I tried a number of ideas, but they all tend to get rather gnarly and convoluted. I'm guessing there is some nice Ruby idiom, or perhaps a regex that would be an elegant answer to this solution.
You can accomplish it with count:
a.count{|e| index = b.index(e) and b.delete_at index }
Demonstration
or with inject:
a.inject(0){|count, e| count + ((index = b.index(e) and b.delete_at index) ? 1 : 0)}
Demonstration
or with select and length (or it's alias – size):
a.select{|e| (index = b.index(e) and b.delete_at index)}.size
Demonstration
Results:
a, b = [0,0,5], [0,5,5] output: => 2;
a, b = [1,2,2,3], [1,2,3,4] output: => 3;
a, b = [1,0,0,3], [0,0,1,4] output => 3.
(arr1 & arr2).map { |i| [arr1.count(i), arr2.count(i)].min }.inject(0, &:+)
Here (arr1 & arr2) return list of uniq values that both arrays contain, arr.count(i) counts the number of items i in the array.

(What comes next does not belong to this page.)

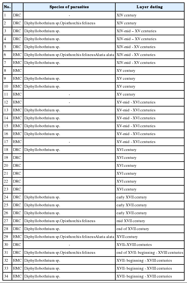 • 12. Slepchenko S, Kardash O, Ivanov S, Afonin A, Shin DH, Hong JH. The Buchta-Nakhodka 2 burial ground: Results of archaeoparasitological and macro-remains investigations of samples from the burial grounds of the 6th–13th century CE on the Yamal Peninsula in Russia. J Archaeol Sci Reports 2019;23:791-799.

Another use for the mighty (and much needed) Array#difference, which I defined in my answer here. This method is similar to Array#-. The difference between the two methods is illustrated in the following example:
a = [1,2,3,4,3,2,4,2]
b = [2,3,4,4,4]
a - b #=> [1]
a.difference b #=> [1, 3, 2, 2]
For the present application:
def number_matches(a,b)
left_in_b = b
a.reduce(0) do |t,e|
if left_in_b.include?(e)
left_in_b = left_in_b.difference [e]
t+1
else
t
end
end
end
number_matches [0,0,5], [0,5,5] #=> 2
number_matches [1,0,0,3], [0,0,1,4] #=> 3
number_matches [1,0,0,3], [0,0,1,4] #=> 3
Using the multiset gem:
(Multiset.new(a) & Multiset.new(b)).size
Multiset is like Set, but allows duplicate values. & is the "set intersection" operator (return all things that are in both sets).
I don't think this is an ideal answer, because it's a bit complex, but...
def count(arr)
arr.each_with_object(Hash.new(0)) { |e,h| h[e] += 1 }
end
def matches(a1, a2)
m = 0
a1_counts = count(a1)
a2_counts = count(a2)
a1_counts.each do |e, c|
m += [a1_counts, a2_counts].min
end
m
end
Basically, first write a method that creates a hash from an array of the number of times each element appears. Then, use those to sum up the smallest number of times each element appears in both arrays.